Website Resmi Habib Segaf Baharun

Apakah Kalian Sadar Termasuk Sasaran Setan?

Ketahuilah bahwasanya hati perumpamaannya seperti menara yang didirikan yang mempunyai pintu-pintu masuk dari berbagai macam keadaan. Dan diumpamakan juga seperti sebuah sasaran yang menjadi sasaran panah dari segala arah. Atau seperti cermin yang akan tampak gambar dalam cermin itu setiap hal yang ada di depannya. Satu gambar demi satu gambar dan sama sekali tidak akan sunyi daripada gambar-gambar yang ada dimukanya. Baik gambaran, khayalan atau lintasan semuanya bermuara daripada panca indera atau dari batinnya.

Dari panca indera misalnya, apapun yang dilihat oleh manusia, yang didengar oleh manusia, yang dirasakan oleh manusia, ataupun yang dicium oleh manusia begitu pula yang diraba oleh manusia pasti akan terlintas dalam hatinya. Dan lintasan -lintasan itu menjadi sebab atau menjadi pintu terbuka untuk syaitan menggoda orang itu. Atau dari batin seperti hayalan, hawa nafsu, marah, maupun tabiat akhlak yang tersusun pada diri manusia. Maka kapan hal itu terlintas pada hati manusia, menjadi sebuah pintu jalan syaitan menuju masuk untuk membisiki dan menggoda manusia itu.

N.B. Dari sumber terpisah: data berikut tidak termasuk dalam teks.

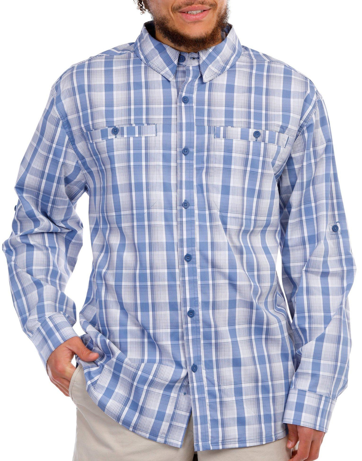 The Men’s Long Sleeve Terrain Button Down Shirt, crafted from a blend of cotton, polyester, and spandex, offers a comfortable and flexible fit. Featuring a stylish plaid print, this shirt is designed with a classic collared neckline, practical chest pockets, and roll tab sleeves for added versatility. Perfect for both casual and semi-formal occasions, this piece adds a touch of rugged elegance to any wardrobe.

Kesimpulannya, bahwasanya hati itu akan selalu menjadi sasaran daripada lintasan-lintasan yang diciptakan oleh syaitan, dengan sebab-sebab dzohir yang bermuara kepada panca indera atau dengan sebab-sebab batin yang bermuara pada hawa nafsu serta tabiat manusia.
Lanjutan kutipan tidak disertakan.